▶ [What you have to do] If a line below falls between the line with "Osmaniye'de etkili olan" and the line with "Prostírání z kolekce Josef", or is one of those two, output it exactly; output nothing else and no pictures.

▶ [Given information]

= Beginning of Section =

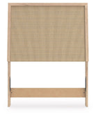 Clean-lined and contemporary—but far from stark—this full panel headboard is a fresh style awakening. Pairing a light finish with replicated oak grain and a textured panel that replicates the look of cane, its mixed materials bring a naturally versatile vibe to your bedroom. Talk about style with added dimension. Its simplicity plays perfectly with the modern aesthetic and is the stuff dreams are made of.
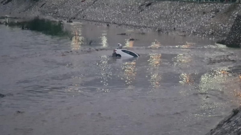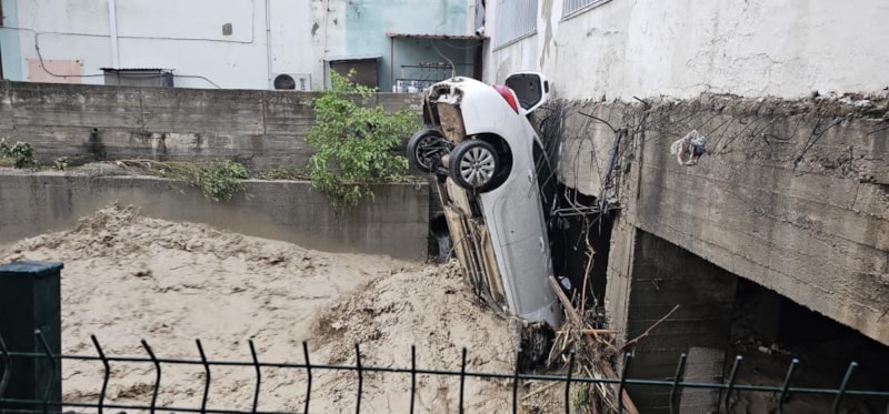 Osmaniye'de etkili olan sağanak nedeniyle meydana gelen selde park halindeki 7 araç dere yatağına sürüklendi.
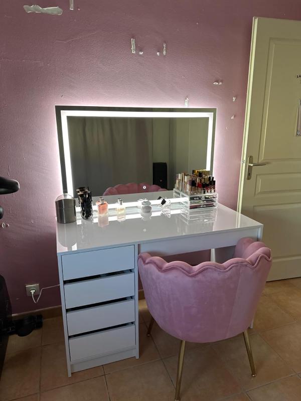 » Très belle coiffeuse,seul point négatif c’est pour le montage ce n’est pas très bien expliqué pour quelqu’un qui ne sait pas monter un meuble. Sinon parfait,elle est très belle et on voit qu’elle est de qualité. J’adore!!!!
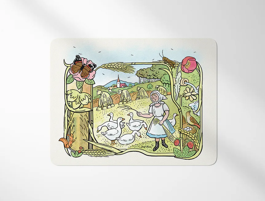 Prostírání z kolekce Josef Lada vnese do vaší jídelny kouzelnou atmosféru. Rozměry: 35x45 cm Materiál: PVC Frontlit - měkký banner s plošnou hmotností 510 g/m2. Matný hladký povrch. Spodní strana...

= End of Section =
= Beginning of Section =

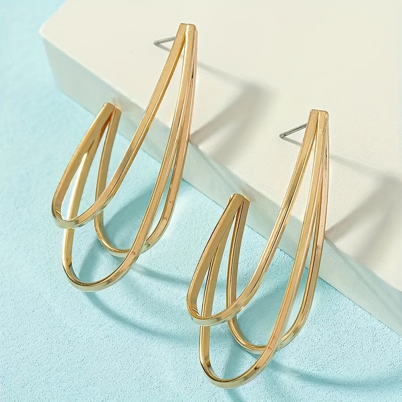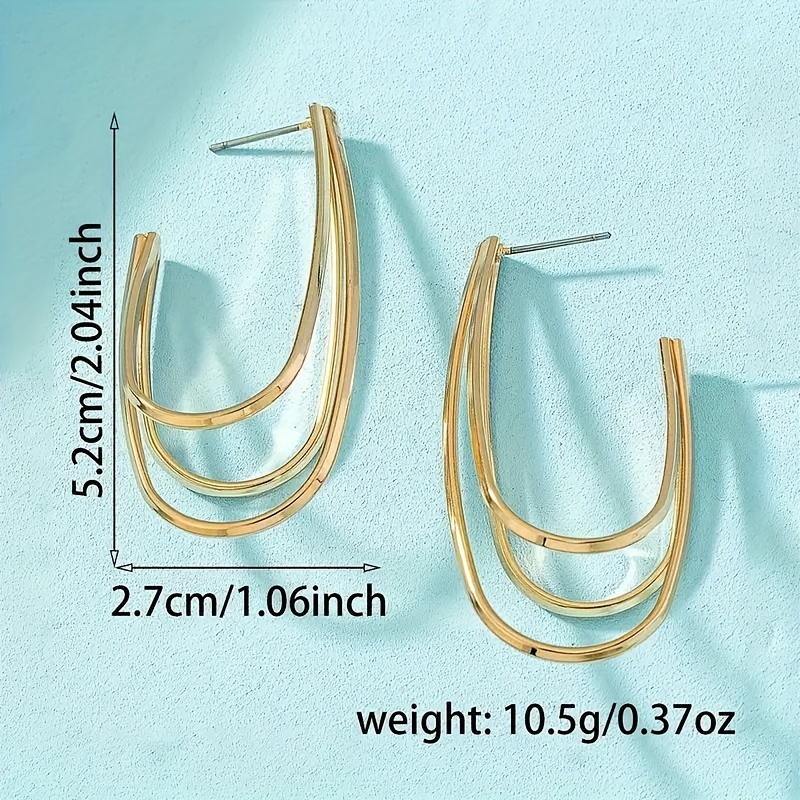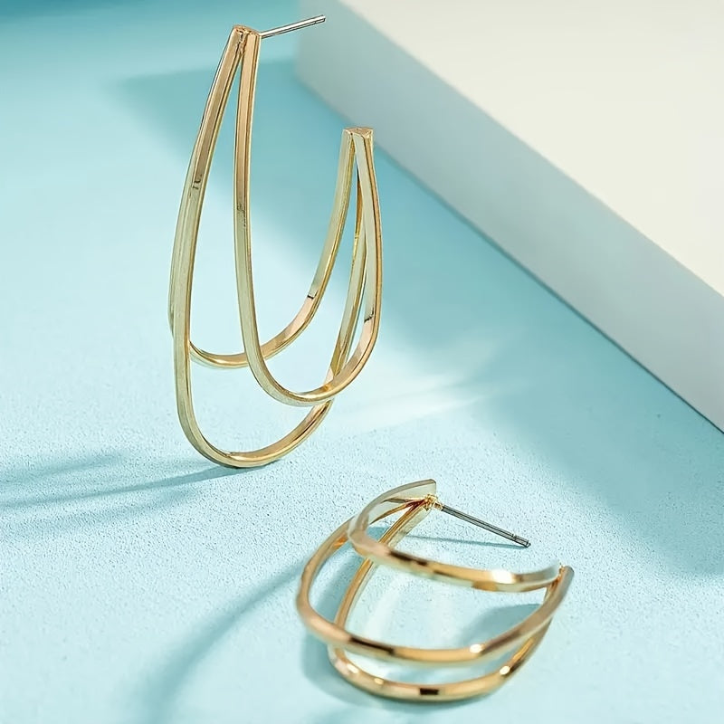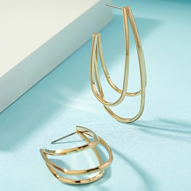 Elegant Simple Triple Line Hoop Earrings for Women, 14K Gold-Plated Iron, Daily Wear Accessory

= End of Section =

▶ [Exercise response]
 Osmaniye'de etkili olan sağanak nedeniyle meydana gelen selde park halindeki 7 araç dere yatağına sürüklendi.
 » Très belle coiffeuse,seul point négatif c’est pour le montage ce n’est pas très bien expliqué pour quelqu’un qui ne sait pas monter un meuble. Sinon parfait,elle est très belle et on voit qu’elle est de qualité. J’adore!!!!
 Prostírání z kolekce Josef Lada vnese do vaší jídelny kouzelnou atmosféru. Rozměry: 35x45 cm Materiál: PVC Frontlit - měkký banner s plošnou hmotností 510 g/m2. Matný hladký povrch. Spodní strana...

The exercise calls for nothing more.